The Sandbaggers is one of the most brilliant television series I’ve seen, so it was something of an experience to open up Queen & Country, a comic book bought on random, and find an exact replica of the premise for Ian Mackintosh’s 1978-1980 series. The homage is deliberate, and although I am tempted to reprimand Greg Rucka for stealing The Sandbaggers, merely filling it with different characters and moving it up to our own time, I am so in love with The Sandbaggers that I am really just happy to have it all back. Mackintosh’s brilliance was to create a realistic spy series with emphasis on the bureaucratic infighting back home, (which shouldn’t work but it did), and Greg Rucka has updated this beautifully, replacing the Cold War-plots with similarly styled stories of his own, (interestingly, terrorism is a major factor in both versions). Rucka follows, and never surpasses the old master, (who disappeared and supposedly died in an airplane accident in 1979, but personally I believe he was taken by aliens), but he breathes enough fresh air into it to make it worthwile.
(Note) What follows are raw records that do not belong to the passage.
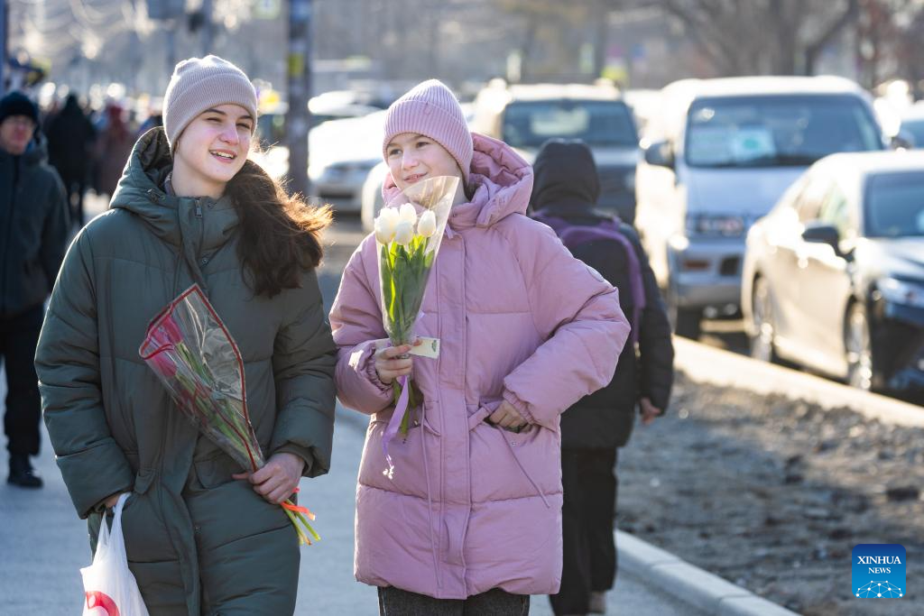 Pedestrians holding flowers walk on the street in Vladivostok, Russia, March 7, 2026. Sunday marks International Women's Day. (Photo by Andrey Matveenko/Xinhua)
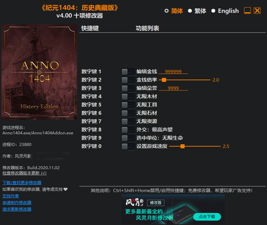 纪元1404历史典藏版修改器 v4.00 风灵月影版软件截图
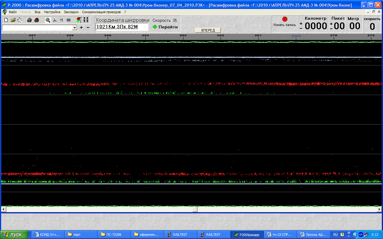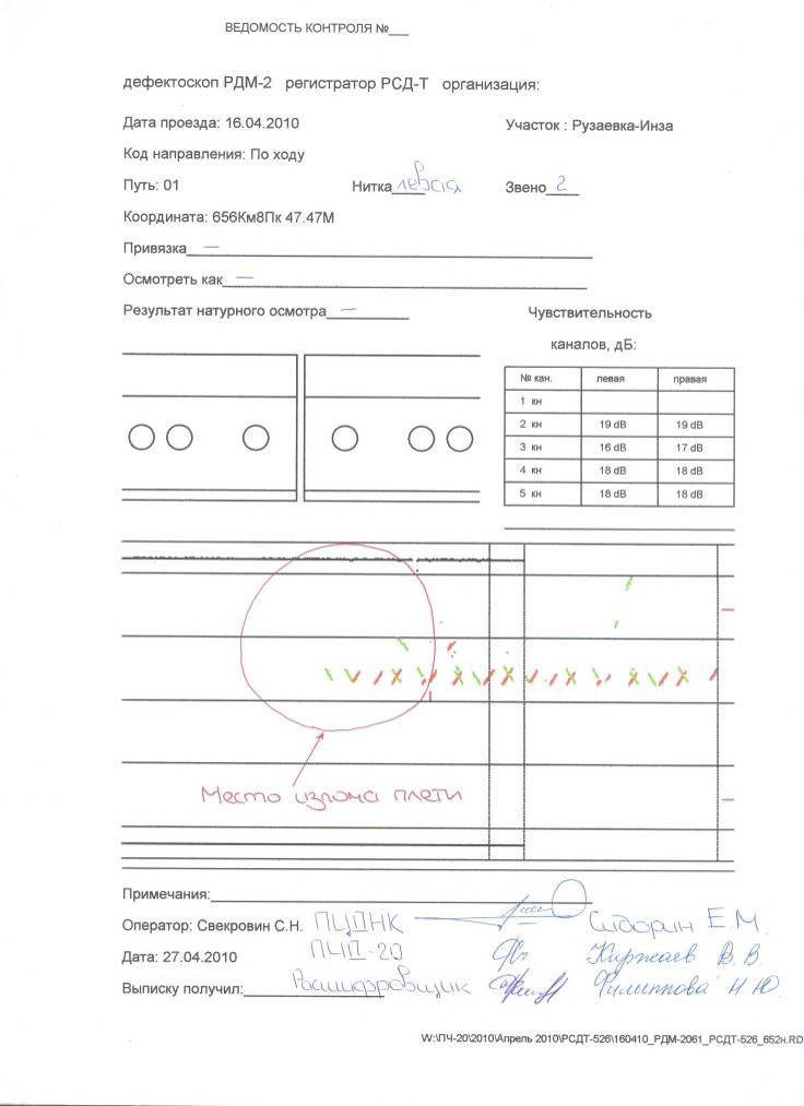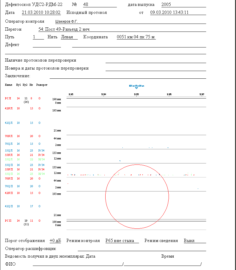 - 09.03.2010 г. дефектоскоп РДМ-22 № 48 регистратор встроенный операторы Шакиров, Марданов, сигналов от дефекта нет;
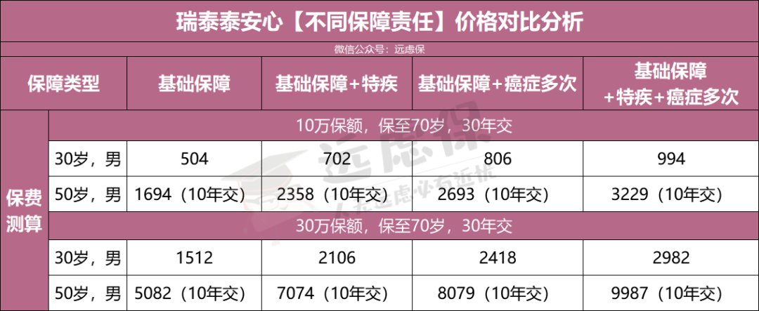 泰安心的保障责任选择灵活,保险期间可选保10/20/30年以及保至60/70/80/100岁;可自行搭配、癌症多次赔、特疾额外赔责任,没有相互捆绑。我们看一下不同选择下的价格如何?
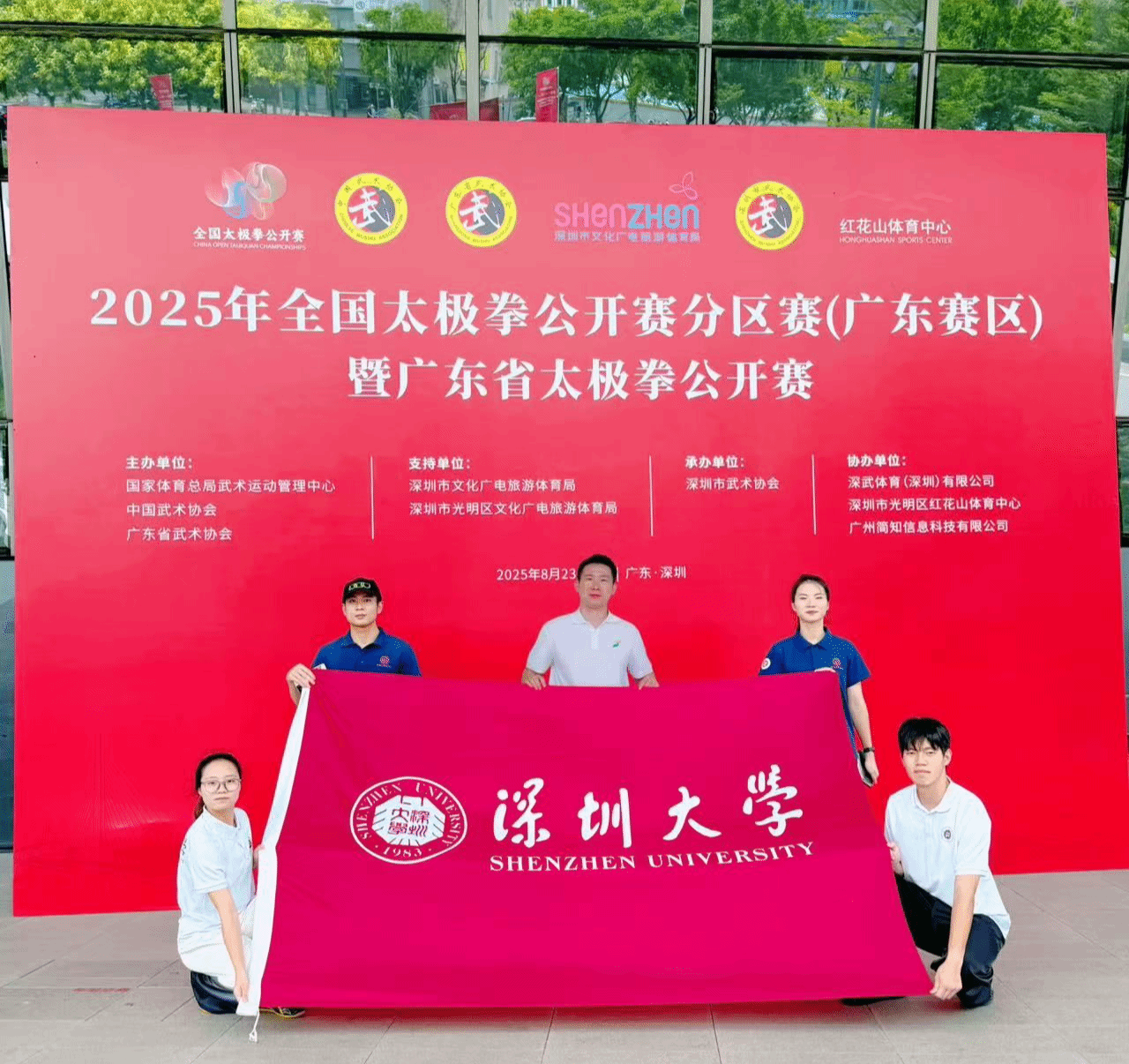 The Shenzhen University Wushu Team was invited to participate in the competition. Four team members won a total of five gold, two silver, and one bronze medals: Prunus salicina Yidan won gold in Women's Compulsory Changquan and Women's Compulsory Broadsword, Themeda villosa Yixuan won gold in Women's Tai Chi and silver in Women's Traditional Northern Style Weapon, Yang Tianzhi won gold in Men's Compulsory Changquan and silver in Men's Optional Broadsword, and Huang Jiaxing won gold in Compulsory Tai Chi and bronze in Men's Tai Chi Short Weapon. Yang Tianzhi was awarded the title of "Outstanding Athlete," and the Shenzhen University Wushu Team received the "Outstanding Team" award.
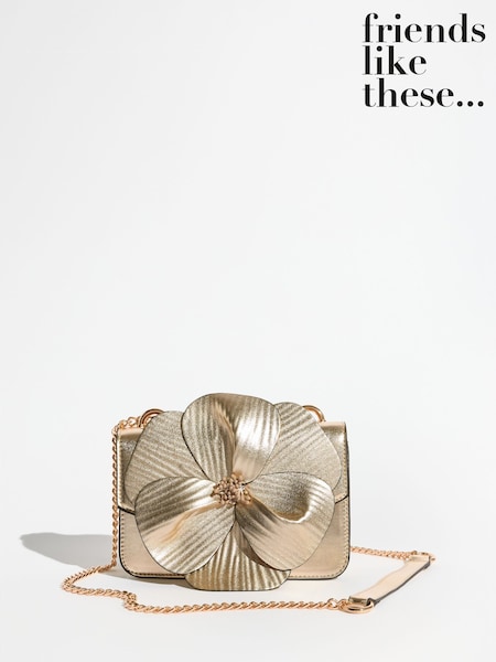 Friends Like These Gold 3D Floral Chain Shoulder Bag
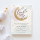 Gender Reveal-inbjudan med guld glittery måne- och roligt-skriptet "Twinkle twinkle Little star" Anpassa med din information eller klicka på "klicka för att anpassa ytterligare" för att justera teckensnittstypen, storlek, färg.
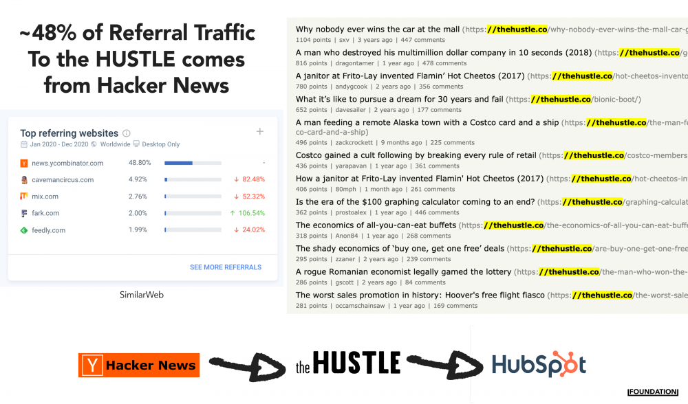Dacă nu sunteți familiarizat cu Hacker News; este, în esență, un subreddit/comunitate pentru antreprenorii, dezvoltatorii și inovatorii din tehnologie care lucrează în și pe companii cu creștere mare. O căutare rapidă pentru „TheHustle.co” în Hacker News arată o mulțime de conținut în comunitate:
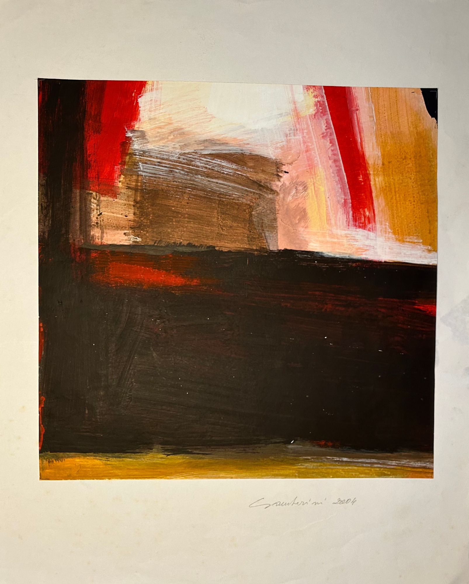 In this "Untitled" collage from 2004, Ruggero Gamberini layers oil paint across paper in broad, weighted planes, allowing colour to behave architecturally rather than descriptively. Earthy blacks and browns anchor the composition, while flashes of red, ochre and chalky white cut through the surface like structural interruptions. The work balances gesture and restraint: brushstrokes remain visible, but never indulgent, suggesting a landscape that has been stripped of geography and reduced to rhythm, mass and tension. It feels less like a view and more like a memory of one - compressed, sedimented, and slightly unsettled.
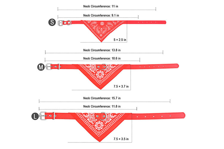 - Large size fits: 11.8-15.7 in/30-40cm (7.5" by 3.5" bandana/19cm by 9cm)
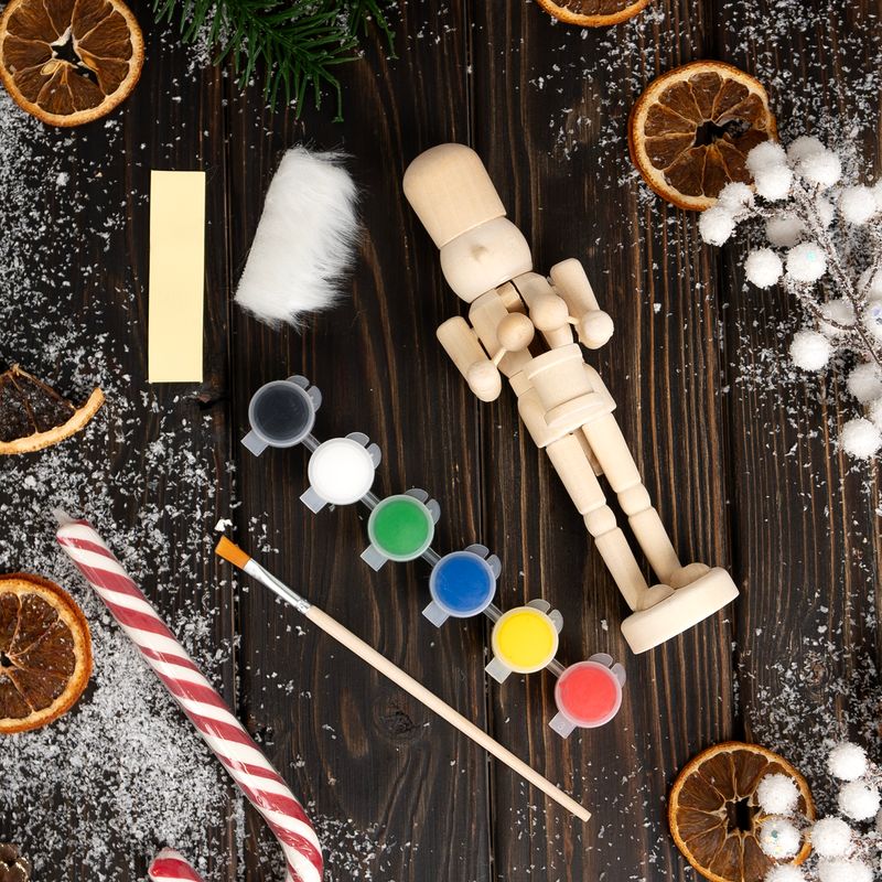 Детский новогодний набор для творчества "Щелкунчик", Снежное кружево, состоит из деревянной фигурки, кисточки, красок, а также волос, бороды и скотча для их крепления. Устройте вечер поделок в преддверии Нового года и раскрасьте Щелкунчика вместе с ребёнком! Для детей от 3 лет. Перед использованием ознакомьтесь с инструкцией и мерами предосторожности на упаковке. Высота фигурки: 19 см. Состав: дерево, полиэтилен, краски, полиэстер, сталь, бумага. Товар представлен в ассортименте.
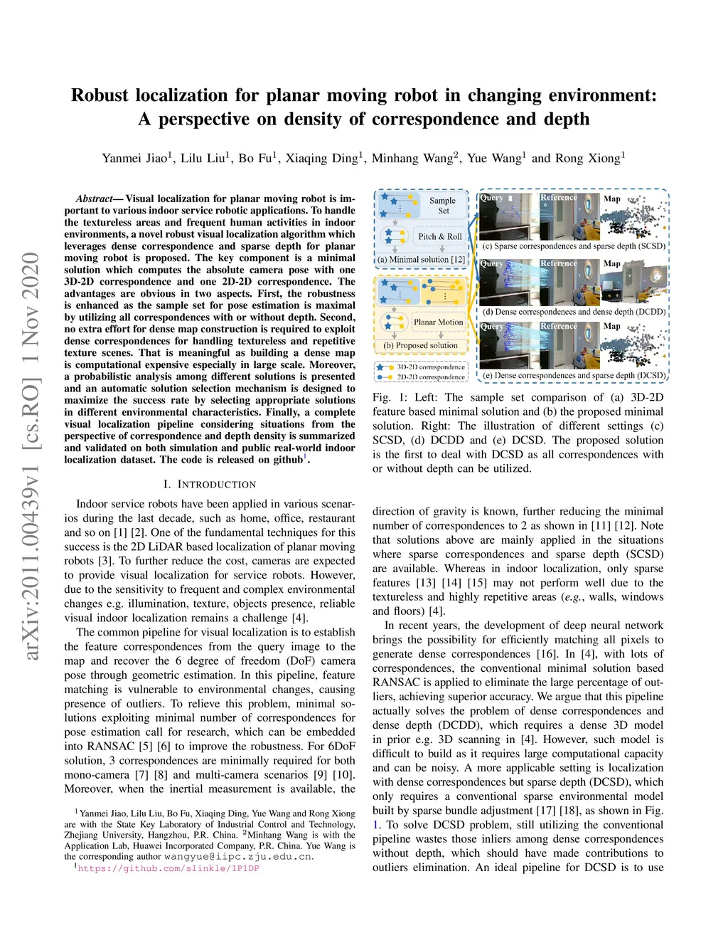 Visual localization for planar moving robot is important to various indoor service robotic applications. To handle the textureless areas and frequent human activities in indoor environments, a novel robust visual localization algorithm which leverages dense correspondence and sparse depth for planar moving robot is proposed. The key component is a minimal solution which computes the absolute camera pose with one 3D-2D correspondence and one 2D-2D correspondence. The advantages are obvious in two aspects. First, the robustness is enhanced as the sample set for pose estimation is maximal by utilizing all correspondences with or without depth. Second, no extra effort for dense map construction is required to exploit dense correspondences for handling textureless and repetitive texture scenes. That is meaningful as building a dense map is computational expensive especially in large scale. Moreover, a probabilistic analysis among different solutions is presented and an automatic solution selection mechanism is designed to maximize the success rate by selecting appropriate solutions in different environmental characteristics. Finally, a complete visual localization pipeline considering situations from the perspective of correspondence and depth density is summarized and validated on both simulation and public real-world indoor localization dataset. The code is released on github.
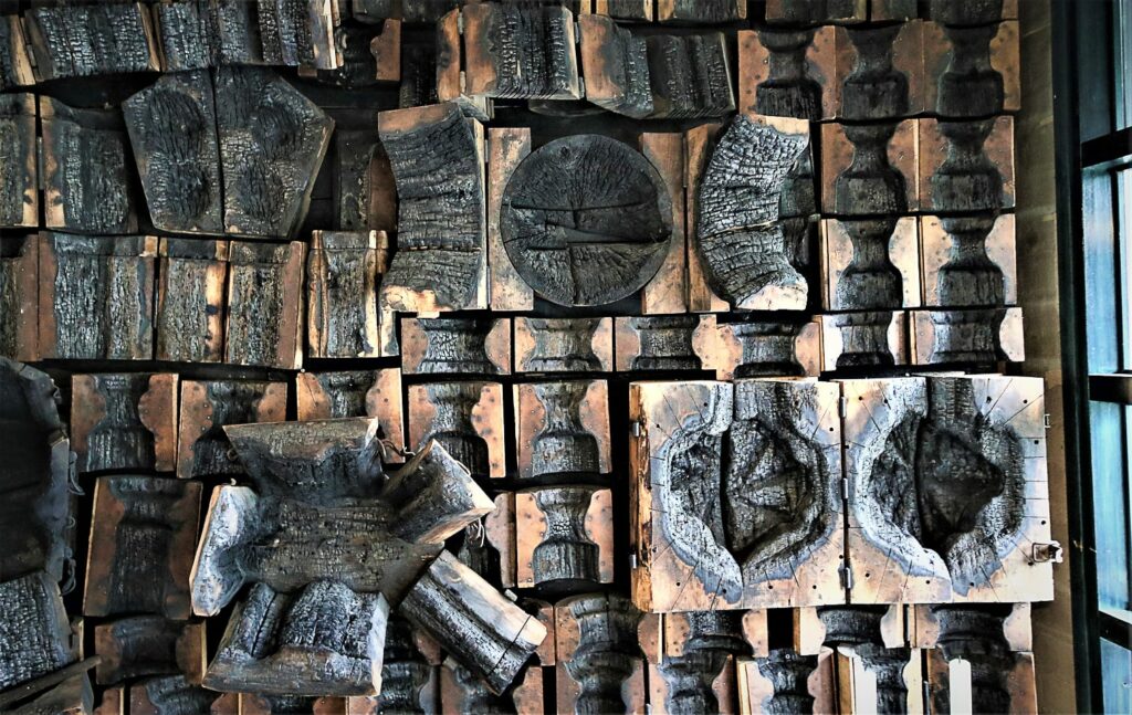 Lasimuseon tunnelmallisessa valaistuksessa vitriineihin sijoitetut esineet tulevat kauniisti esille. Eräs seinistä on hätkähdyttävä. Se muodostuu Sarpanevan Finlandia-maljakon valmistuksessa käytetyistä hiiltyneistä tervalepistä tehdyistä puumuoteista. Jokainen maljakko oli uniikkituote.

And Queen & Country is far better than the third season of The Sandbaggers, which was filmed after Mackintosh’s death and partly written by others, (the fact that the he managed to write four episodes after his own “death” certainly lends credibility to my alien abduction theory, now doesn’t it?)

There’s a feeling I get when I look to the east

The Fountains of Paradise by Arthur C. Clarke reads at times like the space travel scenes in 2001: A Space Odyssey: calm and majestic. This is hard SF in the purer sense, science fiction with an emphasis on the wonders of almost-possible technology, and not much on anything else. Crises are resolved in a rational manner, and with correspondingly calm language. On one hand it reassures the reader to know that the author isn’t just randomly pulling our hearstrings, that things happen for reasons that go beyond “ooh, time for another race against the clock, now who can I place in jeopardy next?” Doesn’t make for a very interesting novel though. The Fountains of Paradise is a wonderful concept sketch of the space elevator, one of the more awe-inspiring solutions to launching people into space. And it’s not a bad novel, Clarke is a great writer, and some might find this minimalism refreshing, (it did get the Hugo and Nebula awards), but to me it’s all just too .. respectable. The opening, with its parallels between an ancient king of a Sri Lankaesque island who builds a mountain palace to bring Heaven to Earth, and a 22nd century engineer’s dream of a space elevator in the same area, made me expect something bold along the lines of “The 9 billion names of God”, but the religious themes are quickly resolved and set aside, to give way for scientific awe with some drama attached. That said, this could make an awesome movie.